| PROVIDED DATA |
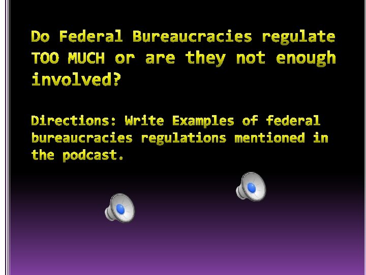 Independent Regulatory Agencies and Commissions Regulate almost every aspect of everyday life for most Americans. Make rules for specific areas of business or the economy and other areas that effect public interest. Each is directed by five to ten presidential appointees. Each agency or commission is usually balanced with members of both major political parties. They operate independently. Examples: �Interstate Commerce Commission �Federal Trade Commission �Securities & Exchange Commission �Federal Reserve Board �National Labor Relations Board
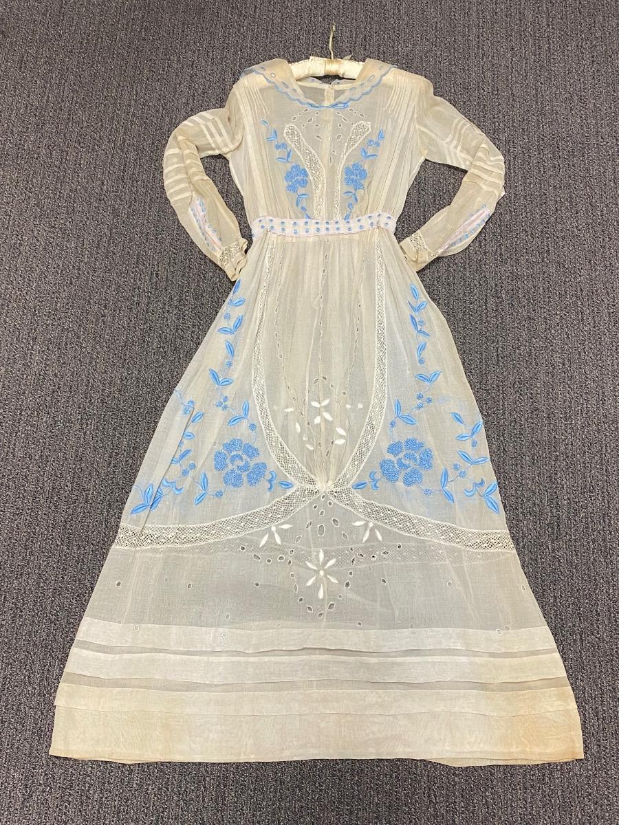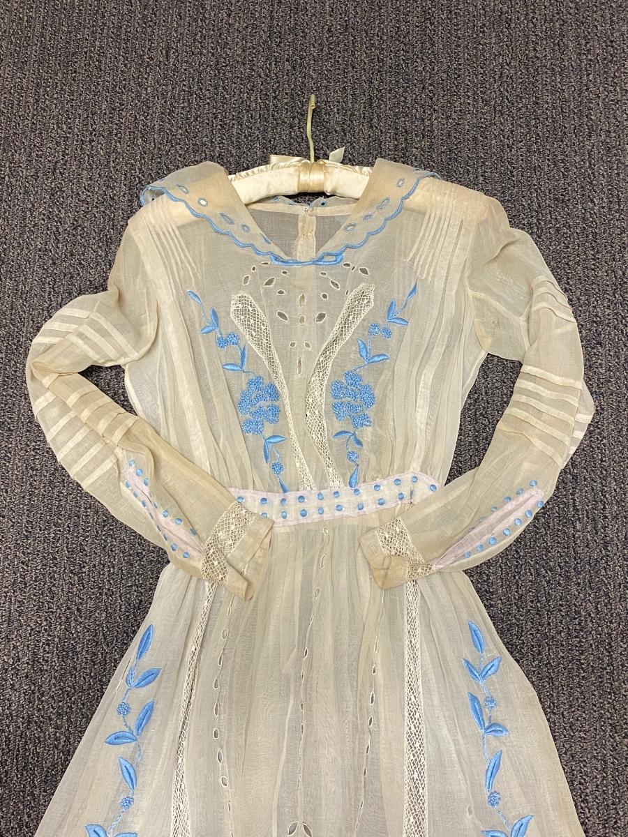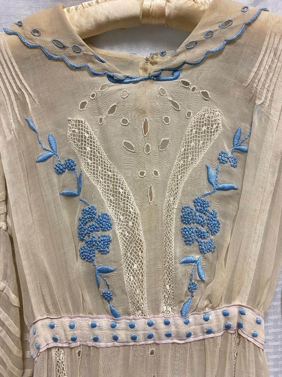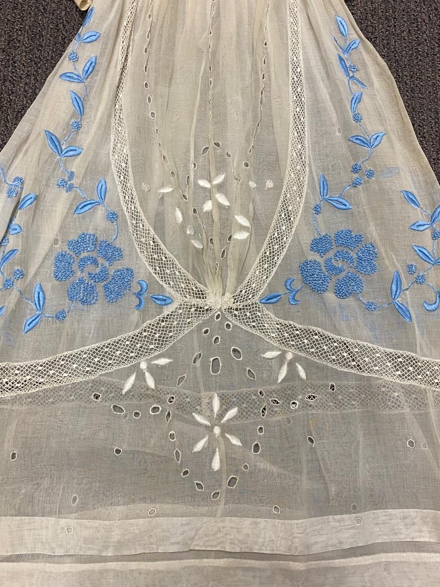 Antique Victorian White with Blue Embroidery Gunne Sax Style Long Sleeve BOHO Dress
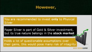 Just like Gold, there are 2 types of Silver Investment; Physical Silver and Paper Silver. When it comes to Physical Silver, of course, you could hold onto the Physical Silver itself but not Paper Silver. Physical Silver investment are determined by the amount of Silver Coins and Silver Bars that you possessed.
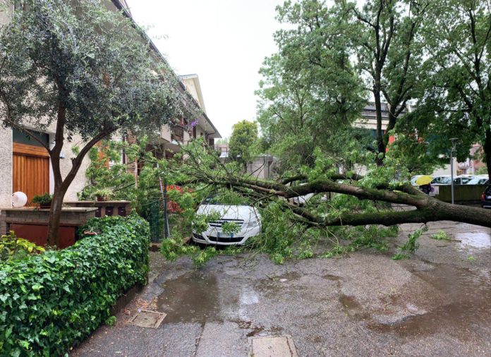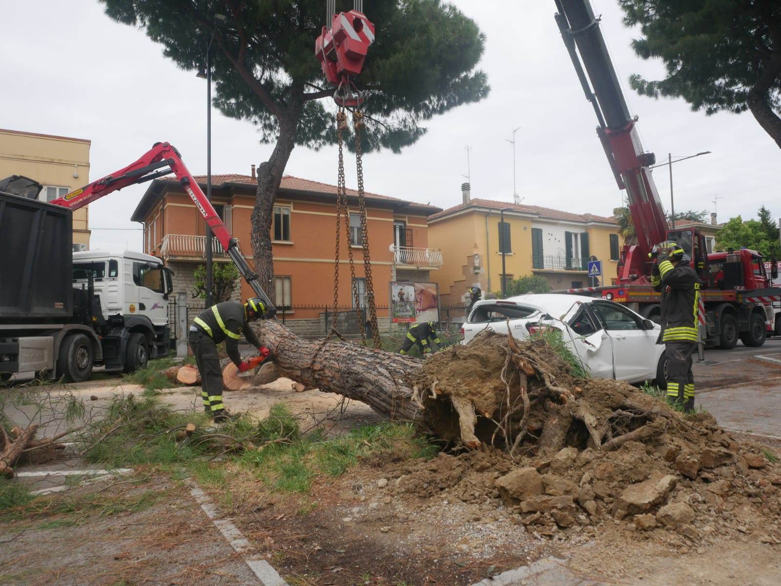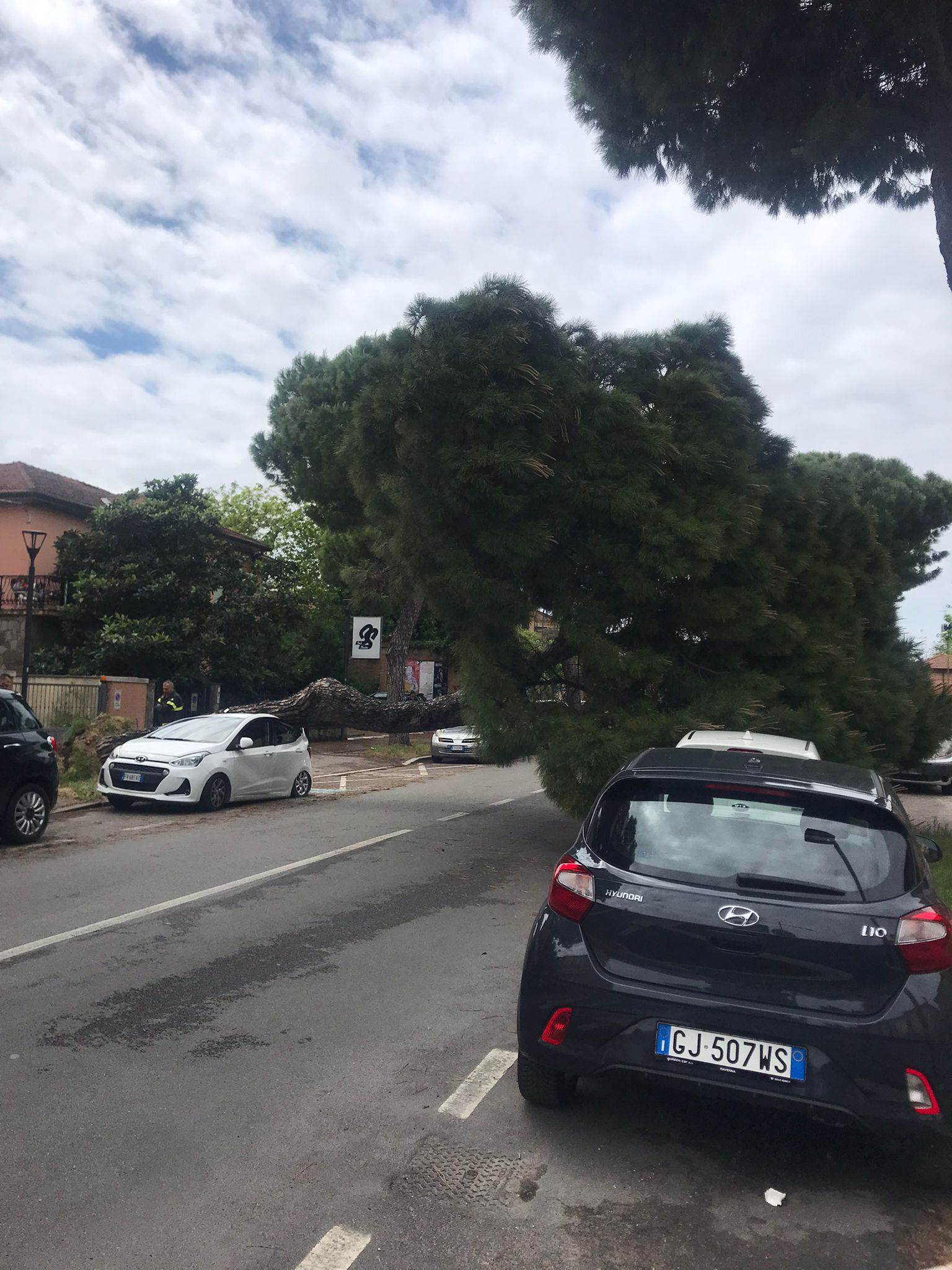 Un grande pino è crollato in mezzo alla strada in Via Renato Serra a Ravenna, distruggendo completamente un’autovettura parcheggiata e inoltre ha colpito un furgoncino parcheggiato sul lato opposto della strada.
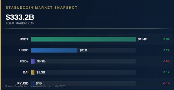 TOTAL STABLECOIN MARKET | — | ~$333B | ↑ |

| WORK TO BE COMPLETED |
Repeat the entries exactly, without pictures.

| COMPLETED TASK |
 Independent Regulatory Agencies and Commissions Regulate almost every aspect of everyday life for most Americans. Make rules for specific areas of business or the economy and other areas that effect public interest. Each is directed by five to ten presidential appointees. Each agency or commission is usually balanced with members of both major political parties. They operate independently. Examples: �Interstate Commerce Commission �Federal Trade Commission �Securities & Exchange Commission �Federal Reserve Board �National Labor Relations Board
 Antique Victorian White with Blue Embroidery Gunne Sax Style Long Sleeve BOHO Dress
 Just like Gold, there are 2 types of Silver Investment; Physical Silver and Paper Silver. When it comes to Physical Silver, of course, you could hold onto the Physical Silver itself but not Paper Silver. Physical Silver investment are determined by the amount of Silver Coins and Silver Bars that you possessed.
 Un grande pino è crollato in mezzo alla strada in Via Renato Serra a Ravenna, distruggendo completamente un’autovettura parcheggiata e inoltre ha colpito un furgoncino parcheggiato sul lato opposto della strada.
 TOTAL STABLECOIN MARKET | — | ~$333B | ↑ |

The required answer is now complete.